■ How to complete this task
Wherever a picture appears, skip it and retype the rest of the data exactly.

■ Input data
....

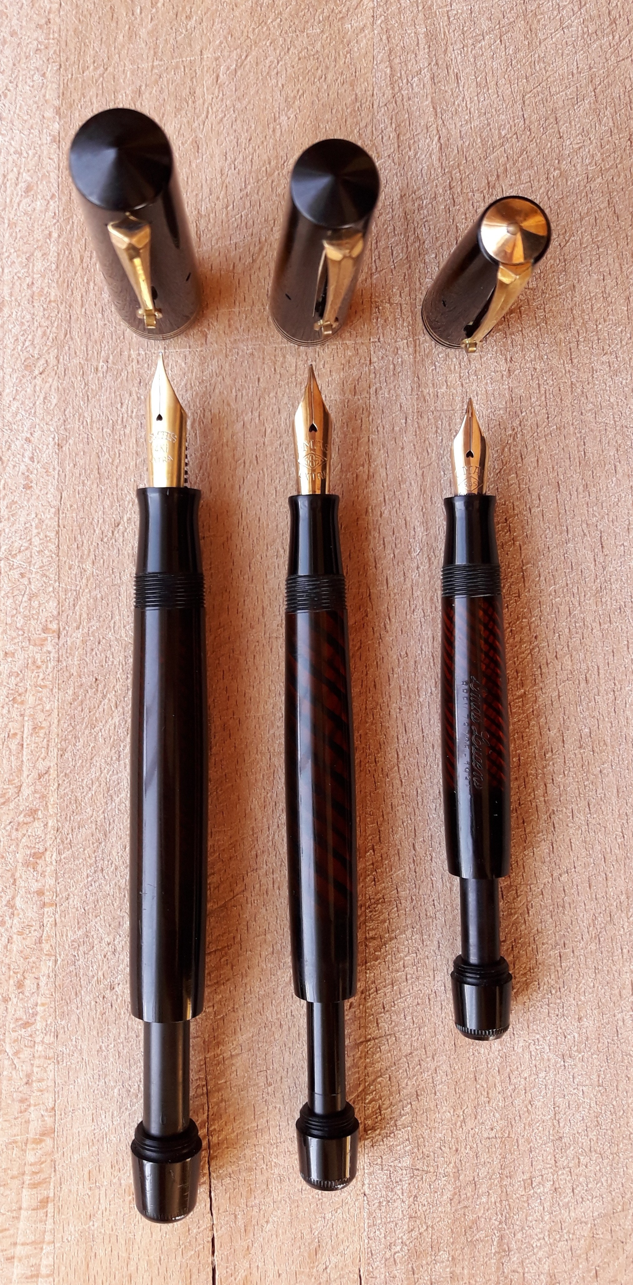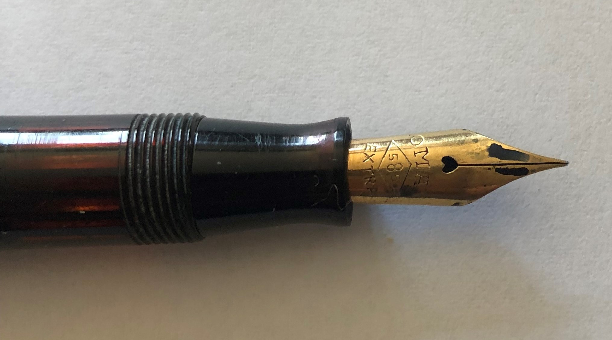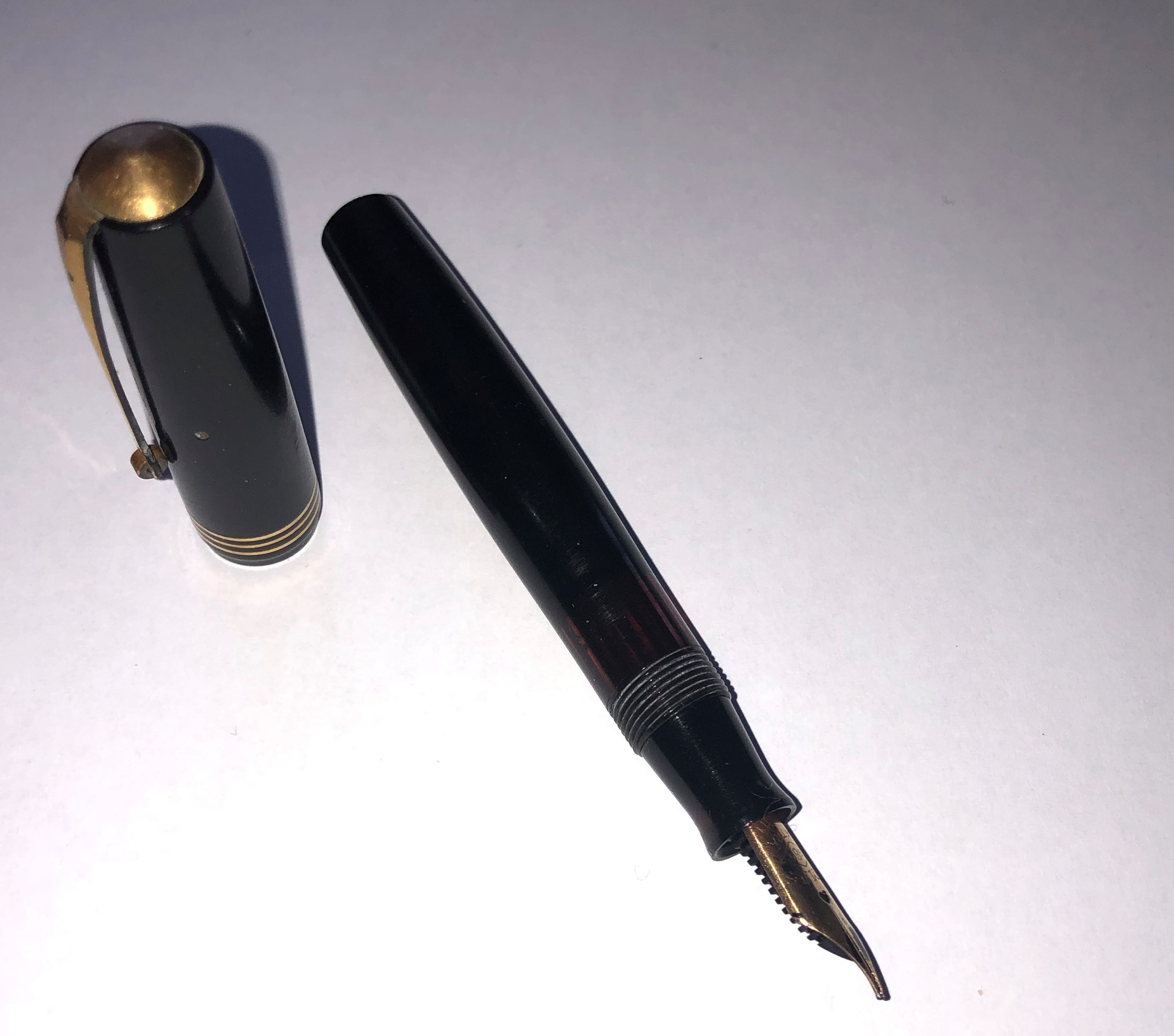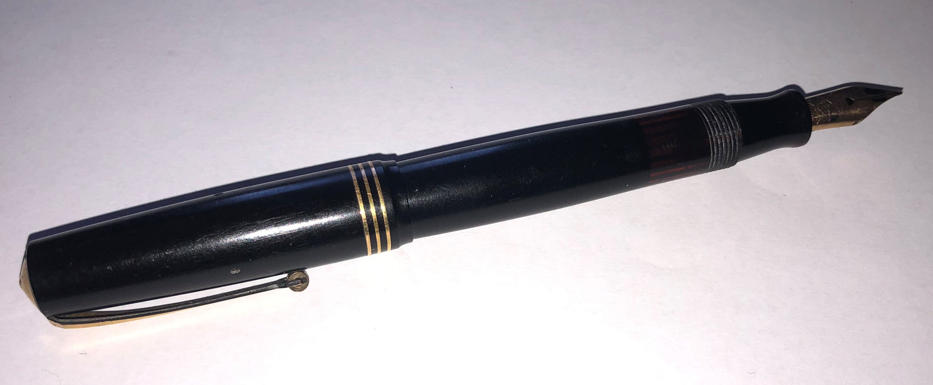 La penna mi sembra in buone condizioni. Il gruppo di scrittura si svita perfettamente dal fusto. Il pennino (meraviglioso) mi sembra integro e scorre perfettamente. Il fondello, dopo attenta pulizia, gira bene e muove perfettamente il pistone nel serbatoio della penna.
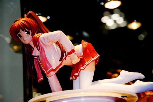 ワンダーフェスティバル2007冬の海洋堂ブースの一角にて、BOME氏と宮園博久氏のガレキ作品の展示、販売が行われていました。BOME氏のものはやはり、BOMEサイズとも呼ばれている、1/4前後の大きなサイズのものとなっていました。中でも制服脱ぎかけて乳見えちゃってるタマ姉がかなりの迫力!w ということで、そのタマ姉やハルヒなどの作品群をお伝えします。
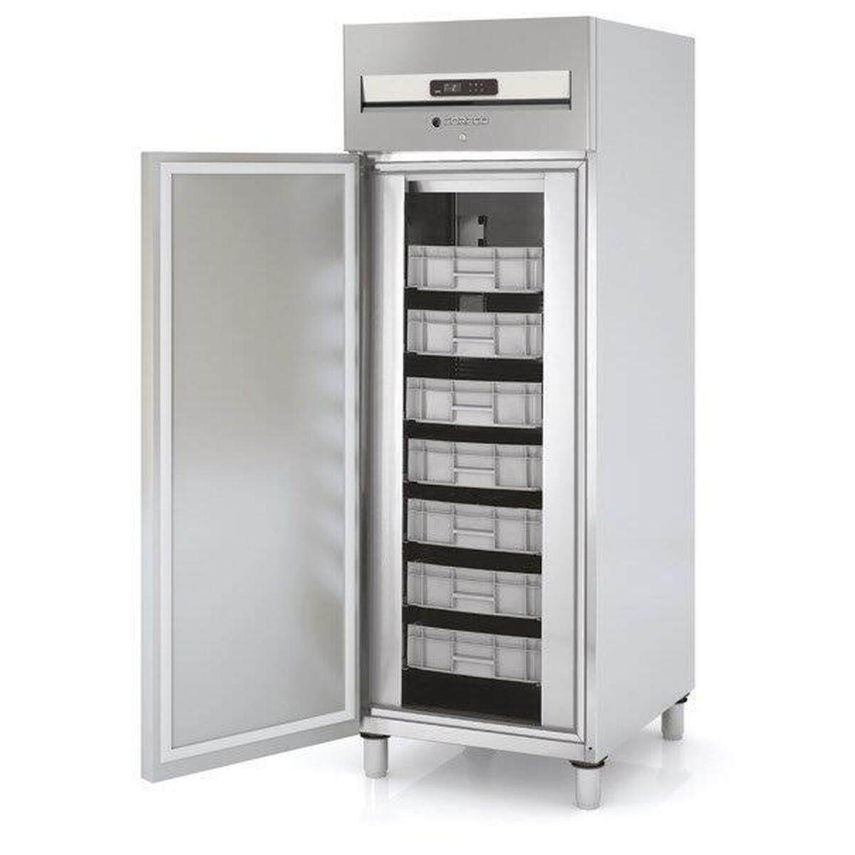 Armoire à casiers (poissons, viandes ou légumes) – Température positive (-4°/+4°C) – Capacité 610l – 1 porte pleine – Extérieur en inox AISI-304 18/10 (sauf partie arrière) – Intérieur en inox AISI-304 – Evaporateur anti-corrosion et compresseur hermétique ventilé – Thermostat électronique avec affichage digital – Arrêt de la ventilation à l’ouverture de la porte – Système de récupération individuelle des eaux de chaque bac – Eclairage intérieur LED – Serrure en standard – Pieds inox réglables de 125 à 200mm – Ambiance 43°C – Dotation : 7 bacs avec fond perforé inox 400x600x120 mm
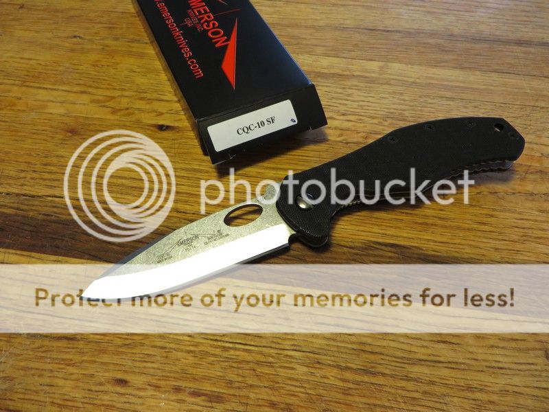 1.) Emerson CQC-10 SF - $150 - 8.5" OAL with 3.75" 154CM blade - Bought new from Emerson. Used and sharpened. Wave removed. One of my favorite Emersons ever.

....

■ Response to the exercise
 La penna mi sembra in buone condizioni. Il gruppo di scrittura si svita perfettamente dal fusto. Il pennino (meraviglioso) mi sembra integro e scorre perfettamente. Il fondello, dopo attenta pulizia, gira bene e muove perfettamente il pistone nel serbatoio della penna.
 ワンダーフェスティバル2007冬の海洋堂ブースの一角にて、BOME氏と宮園博久氏のガレキ作品の展示、販売が行われていました。BOME氏のものはやはり、BOMEサイズとも呼ばれている、1/4前後の大きなサイズのものとなっていました。中でも制服脱ぎかけて乳見えちゃってるタマ姉がかなりの迫力!w ということで、そのタマ姉やハルヒなどの作品群をお伝えします。
 Armoire à casiers (poissons, viandes ou légumes) – Température positive (-4°/+4°C) – Capacité 610l – 1 porte pleine – Extérieur en inox AISI-304 18/10 (sauf partie arrière) – Intérieur en inox AISI-304 – Evaporateur anti-corrosion et compresseur hermétique ventilé – Thermostat électronique avec affichage digital – Arrêt de la ventilation à l’ouverture de la porte – Système de récupération individuelle des eaux de chaque bac – Eclairage intérieur LED – Serrure en standard – Pieds inox réglables de 125 à 200mm – Ambiance 43°C – Dotation : 7 bacs avec fond perforé inox 400x600x120 mm
 1.) Emerson CQC-10 SF - $150 - 8.5" OAL with 3.75" 154CM blade - Bought new from Emerson. Used and sharpened. Wave removed. One of my favorite Emersons ever.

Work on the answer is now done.